Race is also part of the story, in the person of Jolene. Like the other characters, she is a many-sided and intriguing figure. She alludes to the bitter struggles for equal rights of that period, and some of her words reflect the growth of nationalist moods in the late 1960s, in response to the disappointments with the limited reforms of the era. At the same time, Jolene also feels the closest of bonds with Beth and emphasizes what they share in common.
Mr. Shaibel, whose first name we never learn, is perhaps the most substantial character next to Beth herself. We only see him on screen in the early part of the series, but his presence is felt even more strongly at its conclusion. Jolene brings word that he has died, and Beth, feeling guilty that she has not kept in touch with the man who encouraged her talent, travels with Jolene to his sparsely attended funeral service.
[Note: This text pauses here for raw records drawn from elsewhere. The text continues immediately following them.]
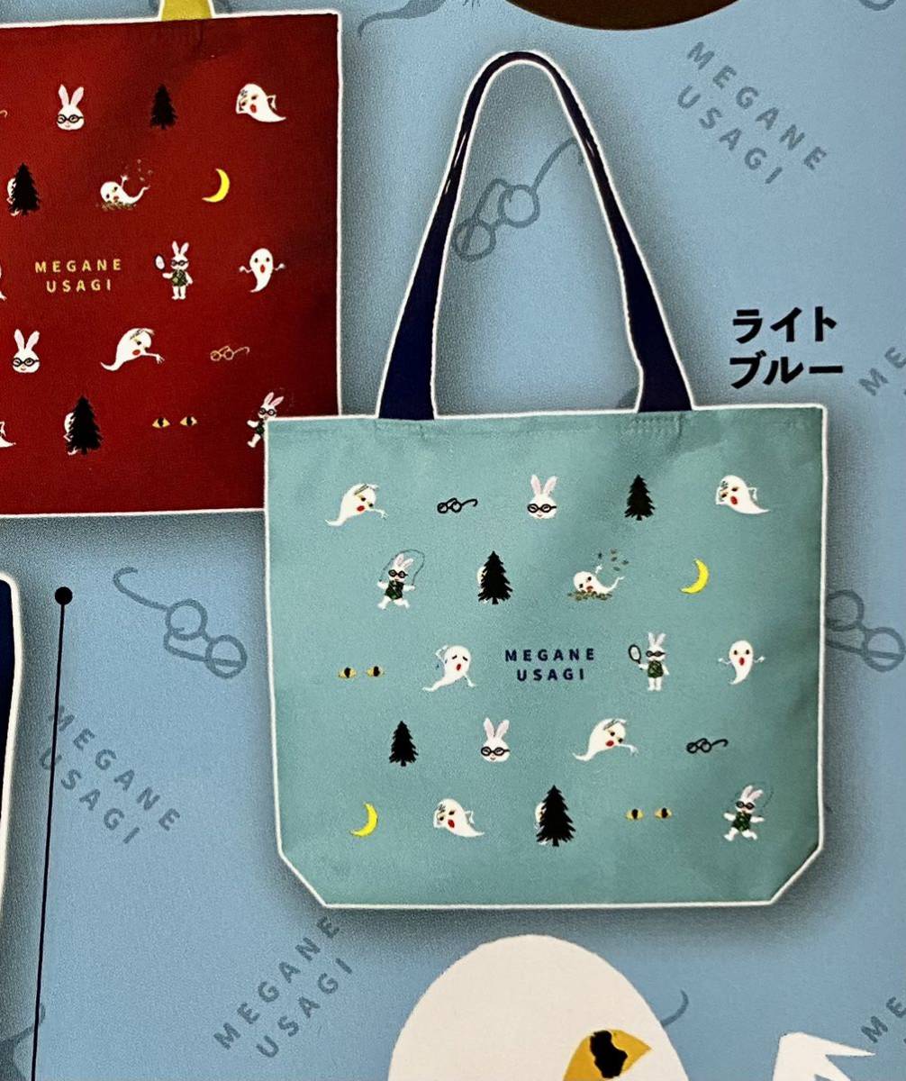 - ★ガチャガチャ★せなけいこ 貼り絵絵本めがねうさぎトートバッグ ライトブルー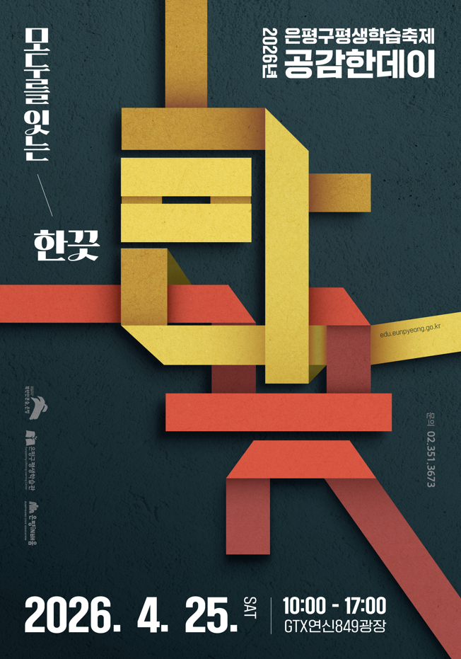 2026년 공감한데이 은평평생학습축제를 붙임과 같이 안내드립니다. □ 행사개요 ○ 행 사 명: 2026년 공감한데이 은평평생학습축제 - 슬 로 건: "모두를 잇는 한끗" ○ 일 시: 2026. 4. 25.(토) 10:00~17:00 ○ 장 소: GTX연신849광장 ○ 주최/주관: 은평구평생학습관 ○ 주요내용: 학습공연한마당, 학습체험한마당 운영 ○ 문 의: 은평구평생학습관(☎***-***-****) |
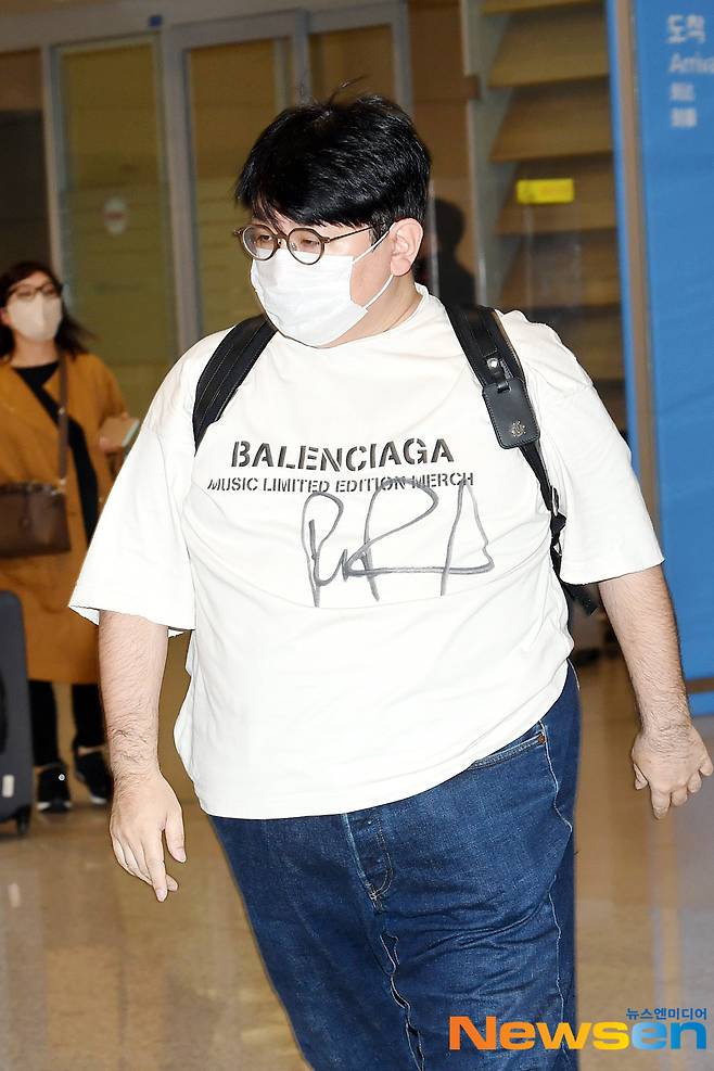 작곡가 겸 하이브 의장 방시혁이 5월 16일 오후 인천 중구 운서동 인천국제공항 제 2여객터미널을 통해 일본에서의 일정을 마치고 입국하고 있다.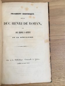 * [CRAMER (F.)]. — Fragment historique sur le Duc Henri de Rohan, sur son séjour à Genève et sa sépulture. —Tiré de la Bibliothèque universelle de Genève (Juillet et Août 1844). — In-12, 52 p., demi-basane rouge époque, dos à 5 nerfs,...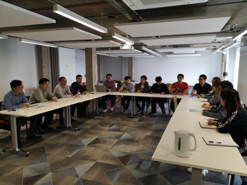 在布鲁内尔大学的访问过程中,为了营造轻松愉悦的氛围,招聘会以师生座谈会的形式举行,由该校的王子栋教授主持,共有十几位教师学生参加。在座谈会上,首先由布鲁内尔大学的学生向大家汇报了自己目前的研究方向和研究状况。然后,王子栋教授向大家介绍了布鲁内尔大学的历史背景、学科方向以及团队取得的成果。听了王教授的介绍,曾院长等人赞誉有加,对王教授团队目前的发展状况、研究方向以及团队精神给予了高度评价,并表达了进一步合作的意向。接下来,曾院长向大家介绍了德赢官网Vwin,德赢AC米兰官网的发展历史、学科发展状况、优秀学科评级、学院学科研究战略部署以及相应的研究平台。特别地,曾院长详细说明了关于本次访问的重点--人才引进计划的待遇情况,并表达了对国外优秀人才的渴望。通过曾院长的详细讲解,在场的老师和学生产生了浓厚的兴趣。最后,胡靓博士向大家汇报了他在CPS理论与应用方面的研究工作,吸引了曾院长等人的强烈关注。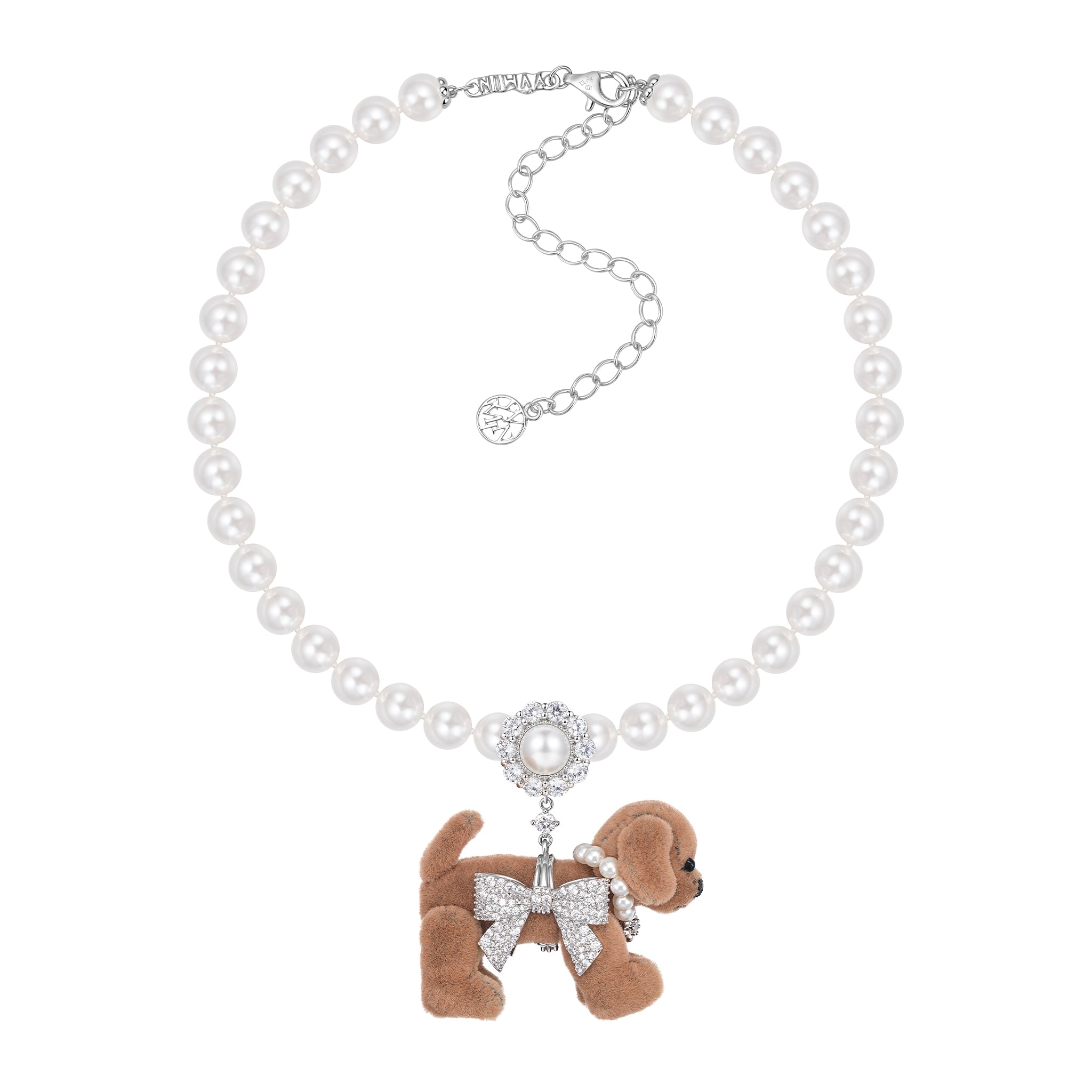 Paradise / Pave Bowknot Puppy Pearl Necklace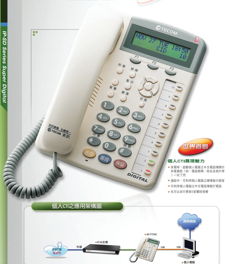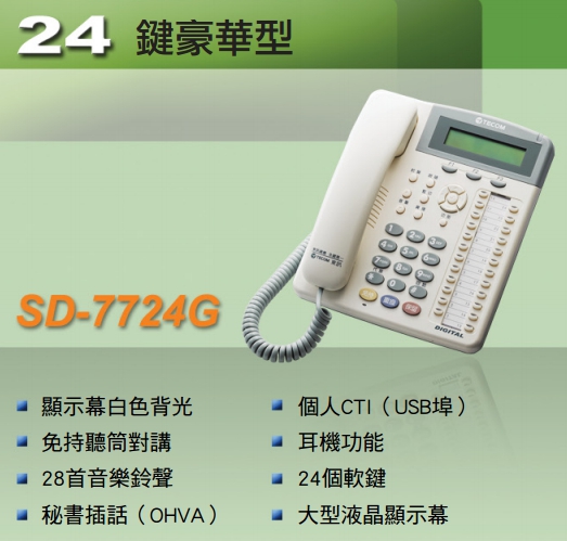 專案限量東訊SD-7724G(24鍵豪華型數位話機) 耳機功能 具免持對講 個人CTI(USB埠)

Later, Beth pays tribute to him when she is interviewed by a newspaper. A moving moment, it shows the connection between generations, and how the old have much to pass on to the young. The show premiered in October, making the tribute to Mr. Shaibel all the more meaningful and poignant, in this year when tens of thousands of the ill and elderly in the US, and hundreds of thousands elsewhere, have been callously abandoned to die in nursing homes.
Moreover, a meaningful historical element emerges from Beth’s journey. Chess becomes a window, in a small but meaningful way, into wider issues. She has a healthy respect for the Soviet chess grandmasters, and understands the importance attached to the game in the USSR. The brief scenes of life in the Soviet Union during this period of the Cold War are handled quite objectively. The obligatory portraits of Stalinist chief Leonid Brezhnev are seen on the walls, and the tone is not uncritical. At the same time, however, the dedication to chess that is shown, including the number and enthusiasm of the fans, suggests a high cultural level. Earlier, Benny hints at some issues when he says to Beth, “You know why the Soviets play the best chess? Because they help each other as a team. … They support each other. As Americans we work alone because we’re all such individualists.”
The closing scene of the entire series is a revealing one, keeping in mind that Tevis’s book was written in 1983, in the early years of the Ronald Reagan administration, with its renewed campaign against what Reagan termed the “Evil Empire.”
In the taxi on the way to the Moscow airport, Beth is informed by her State Department “handler” that she will be attending a special dinner at the White House. He begins to instruct her on what she should say at the affair, when she suddenly cuts him off, instructs the driver to stop the car and simply walks away. Beth makes her way back to the site of the competition, spurning the State Department and her moment of glory to fraternize with the scores of Soviet chess players outside in the street hunched over their chessboards.
The Queen’s Gambit is a work of entertainment that can be appreciated on many levels. It must be said, however, that the popularity of a drama that treats its subject with this level of humanity, honesty and seriousness is both an indication of what is possible, and a hopeful sign for the future.